Characterizing gene expression through sequencing (RNA-seq) has provided a unique opportunity to unravel the molecular processes in biological tissues. Innovations and cost reductions in sequencing technology have led to RNA-seq experiments with complex designs. In addition, recent computational advances have allowed expression analysis on the transcript level. Both settings imply multiple hypotheses for every gene, i.e. assessing differential expression for multiple contrasts (transcripts) in complex experiments (transcript-level analysis), leading to challenging multiple testing problems. Conventional approaches control the false discovery rate (FDR) on the individual hypothesis level and fail to establish proper gene-level error control, which compromises downstream validation experiments. We introduce stageR (https://github.com/statOmics/stage), a two-stage procedure that leverages the increased power of aggregated hypothesis tests while maintaining high biological resolution by post-hoc analysis of genes passing the screening hypothesis.
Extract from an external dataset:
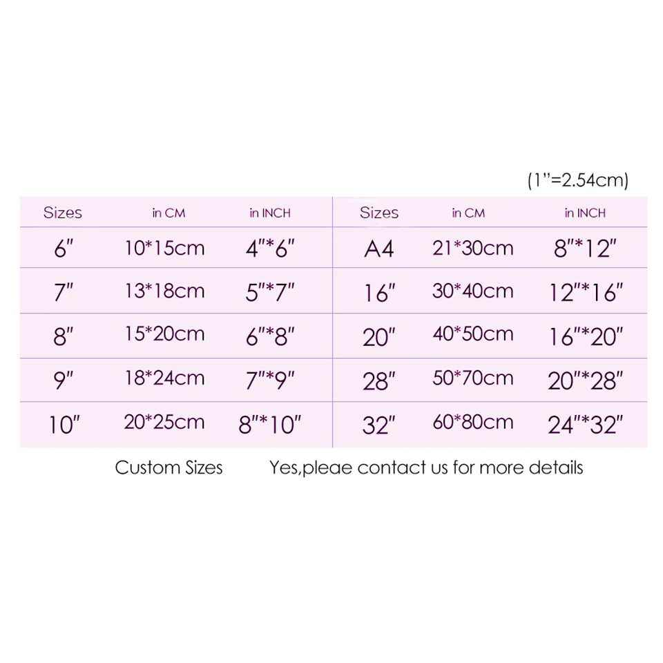 size10x15cm 13x18cm 15x20cm 20x25cm 21x30cm 30x40cm 40x50cm 40x60cm etc.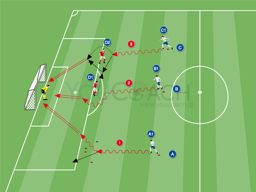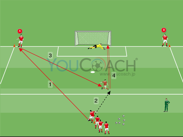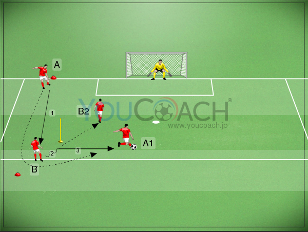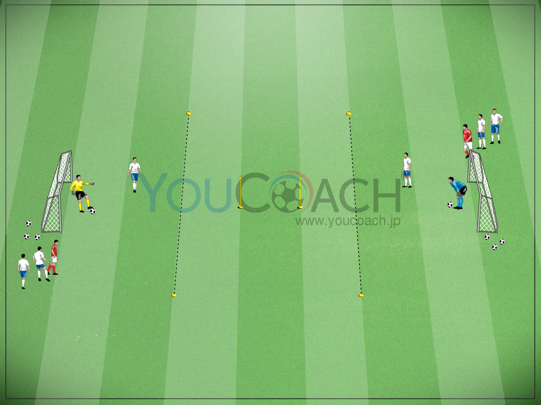 枠内シュート - 1対1のシチュエーションを通じてシュートスキル、決断力の早さを高めるトレーニングです -

The two-stage procedure is a general paradigm that can be adopted whenever individual hypotheses can be aggregated and achieves an optimal middle ground between biological resolution and statistical power. In this talk, I will show that it provides gene-level FDR control in studies with complex designs while boosting power for interaction effects without compromising the discovery of main effects. In a differential transcript usage/expression context, stage-wise testing gains power by aggregating hypotheses at the gene level, while providing transcript-level assessment of genes passing the screening stage. Finally, the flexibility of the approach will be illustrated by exploring different p-value aggregation methods and interesting applications in single cell RNA-sequencing will be discussed.